Is it possible to change anti-Zionist ways of thinking in at least those institutions of higher education that claim to welcome critical thinking and value a true liberal arts approach? I believe so. But it will require faculty who have the moral courage to question the received wisdom, and senior administrators who believe that the university ought to be a marketplace of ideas rather than a place where students imbibe the “truths” of an anti-Western, anti-Zionist monoculture. The greatest challenge of all will be to cultivate within students not only the critical thinking skills that will allow them to arrive at their own conclusions, but also the courage to risk the implication of those conclusions — the willingness not to fit in with the conventional wisdom, which is unsubtly backed up by a small but powerful cadre of students and faculty whose beliefs dominate university discourse today.

This vision is utterly countercultural, so execution will demand patience. But an intervention must be staged. Jewish faculty obviously owe this to Jewish students — but all those interested must see that they also owe it to all those being educated to become responsible, valuable citizens. This will be a very long intellectual and sometimes bureaucratic struggle, but we must persevere. And because the additional solutions below are directed only to Jews, we cannot give up on this effort, for the sake of the non-Jewish majority on campus.


At the same time, however, we must recognize that success is not remotely guaranteed: Existing institutions may not have the capacity to reform. Even those newly committed to free speech face serious obstacles. Board governance, activist professors and student groups, the entrenched political culture of most institutions, their prevailing intellectual orthodoxies and their sacred cows — all leave little room for optimism.

Certainly, we should try, and every green shoot should be watered. But it may also be time to set aside our outdated sentimentality about elite, legacy academic institutions, and build anew. That way, we will not be back at square one should an effort to change things on our existing campuses fail.

What would an effort outside our current campuses look like? Here I address our Jewish students.

We need educational organizations outside the university that have two foci: 1) engagement with ideas without any predetermined end goal, to strengthen critical thinking in general among Jewish students; and 2) the empowerment of educators and faculty who care about Israel to engage in conversations about Jewish identity outside the lecture halls. Both efforts carry risk for those who would undertake them, because identity is the shibboleth of modern society. But the long-term risk of not trying is greater.

One option is to establish one or ideally several new, small colleges that combine a classical liberal arts education with an education in Jewish civilization: a 21st- century curriculum that hones critical thinking skills, avoids hyper-politicization of ideas, and pursues emet — the Jewish idea of truth. Insofar as these succeed, the model can be extended.

A second option is for more Israeli universities to adopt the model of the English-language undergraduate degrees offered by Reichman University (formerly the Interdisciplinary Center in Herzliya). These degrees offer a solution for American Jewish students who seek a Zionist as well as a liberal arts education. It is transformational for students to spend a substantial amount of time in Israel, living, studying, immersed in Israeli life, engaging at a formative period of their development with the larger questions that animate our societies.

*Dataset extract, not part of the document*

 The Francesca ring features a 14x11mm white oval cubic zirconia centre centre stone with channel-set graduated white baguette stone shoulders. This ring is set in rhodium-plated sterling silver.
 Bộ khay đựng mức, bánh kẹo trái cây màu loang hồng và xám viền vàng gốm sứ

The third option, to which I believe we should devote our greatest effort, is K–12 Jewish education, where we must build a cadre of subsidized institutions that will invest in educators who shun trendy ideologies, who are committed to the ideals of a classical liberal education, who will encourage courageous conversations in the classroom, and who will emphasize critical thinking skills, Israel education, Hebrew language immersion, and Jewish literacy.

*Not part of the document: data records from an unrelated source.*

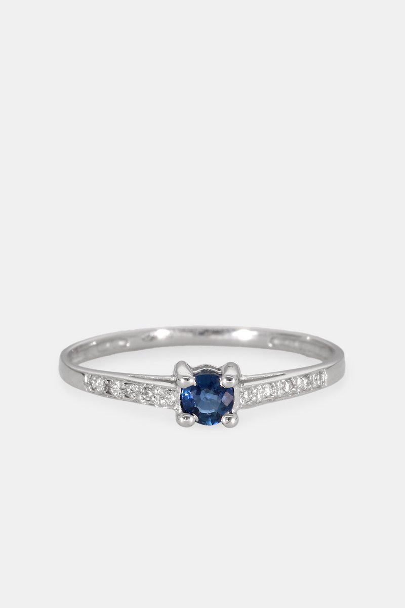 Bague - Or blanc 18 carats, saphir et diamants
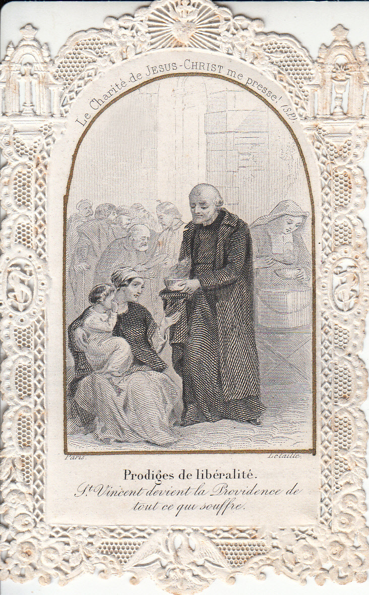 Text above: The charity of Christ urges me on; below: miracles of generosity. SV becomes the Providence of everyone who suffers
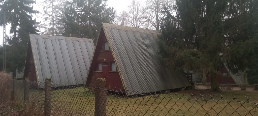 Na wspomnianym skrzyżowaniu droga w lewo prowadzi do Pokrzydowa, a my skręcamy w prawo wraz ze szlakiem. Po kolejnych kilkuset metrach po prawej stronie widzimy następny ośrodek. Tym razem jest to Stepol, czyli dawny ośrodek Polmowski. Kiedyś istniał jeszcze między tymi dwoma ośrodek kopalniany. Tak, tu nie ma mowy o pomyłce. Kopalniany. Ale skąd tu kopalnia, przecież wungiel to się na Śląsku wydobywa. To prawda. Ale górnicy zechcieli sobie za te czternaste i piętnaste pensje i inne „pod gruszą” wypocząć z dala od zgiełku, hałasu i pyłu. To wybrali do tego nasze pojezierze. Oczywiście, jak nie trudno się domyślić, kopalnia już dawno upadła, a z nią ośrodek. Ale podobno można na tym terenie dalej uprawiać urbex. Ja akurat niestety musiałem z tego zrezygnować, bo pogoda była jaka była (czytaj: deszczowo i wietrznie). Ale pewnie jeszcze kiedyś będzie okazja.
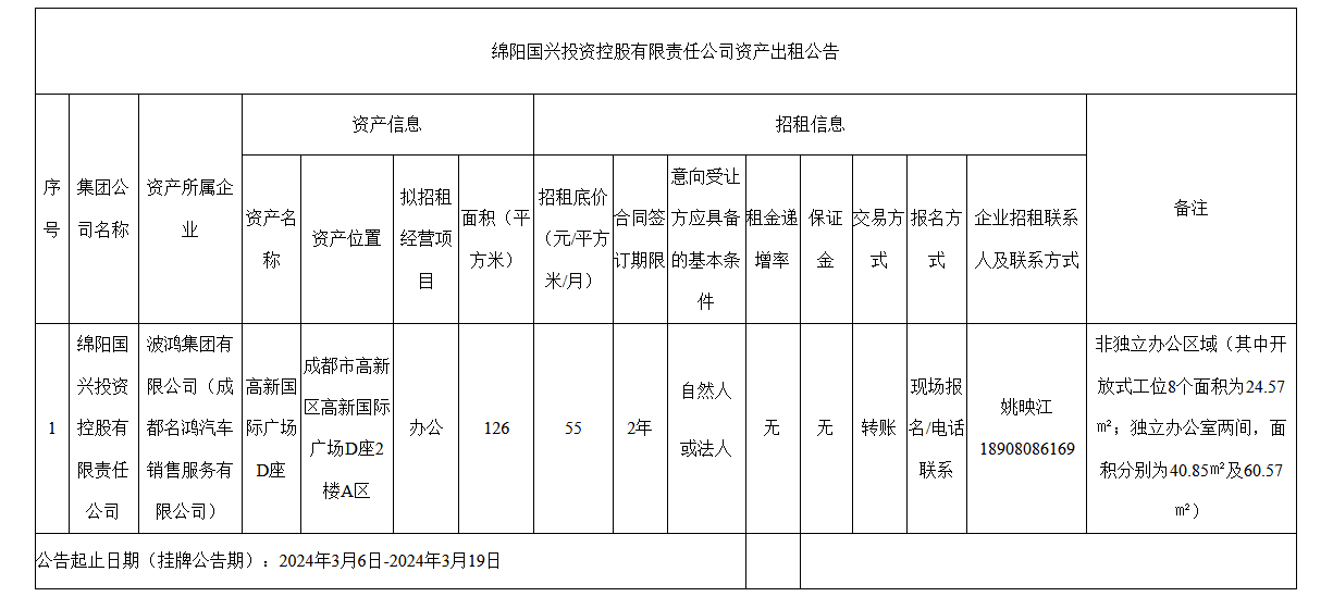 綿陽國興投資控股有限責任公司資產(chǎn)出租公告

These new K–12 institutions must engage the whole family: Many parents need — and crave — similar educational content, and schools can be hubs for community-building in an era of disaffiliation. Obviously, this kind of prioritization of Jewish and Zionist education within the Jewish community will also require Jewish communal leaders from the agencies to the pulpits and everything in between to articulate the case for cultivating “Jewish operating systems” in the next generation of Jewish youth — so that young Jews arrive on our college campuses Jewishly educated and moderately fluent in Hebrew — forearmed rather than merely forewarned. And when they find the university culture overwhelming, as many will, a visit home will recharge them to return ready to resist the postmodern tide.


One way or another, Jewish faculty and intellectuals must sit with students Jewish and non-Jewish who are open to examining their thoughts and feelings about Israel and about Zionism as a movement that changed the trajectory of Jewish history — and the world — for the better. We must reimagine and transform our institutions inside and outside the university to support students and faculty in the pursuit of emet — for all.